** Data block follows **
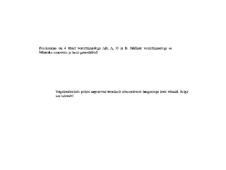 Ülesanne Pärast autoõnnetust tuuakse kiirabiga haiglasse kolmeliikmeline perekond. Isa ja ema pole kuigi raskelt viga saanud, aga nende nelja-aastane poeg vajab kiiresti vereülekannet. Usulistel põhjustel ei ole vanemad soovinud teada saada lapse veregruppi, mistõttu nad ei oska seda arstidele öelda. Küll aga teavad nad enda veregruppe: mehel AB ja naisel 0. Kas selle info põhjal on arstidel võimalik kindlaks teha, millise grupi verd tohib poisile üle kanda? Mis on poisi genotüüp / võimalikud genotüübid?
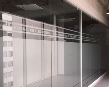 Diseño oficinas JNE, mamparas, baldosas y tabiques en Cercado de Lima.
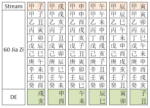 So, if we group each 10 stems starting by Jia, we will have 6 groups. Every group will form 10 pillars (stem+branch) and the remaining 2 branches will be paired by the next group. They are the DE.
** End of Data block **
Repeat the material verbatim but without any of its pictures.

 Ülesanne Pärast autoõnnetust tuuakse kiirabiga haiglasse kolmeliikmeline perekond. Isa ja ema pole kuigi raskelt viga saanud, aga nende nelja-aastane poeg vajab kiiresti vereülekannet. Usulistel põhjustel ei ole vanemad soovinud teada saada lapse veregruppi, mistõttu nad ei oska seda arstidele öelda. Küll aga teavad nad enda veregruppe: mehel AB ja naisel 0. Kas selle info põhjal on arstidel võimalik kindlaks teha, millise grupi verd tohib poisile üle kanda? Mis on poisi genotüüp / võimalikud genotüübid?
 Diseño oficinas JNE, mamparas, baldosas y tabiques en Cercado de Lima.
 So, if we group each 10 stems starting by Jia, we will have 6 groups. Every group will form 10 pillars (stem+branch) and the remaining 2 branches will be paired by the next group. They are the DE.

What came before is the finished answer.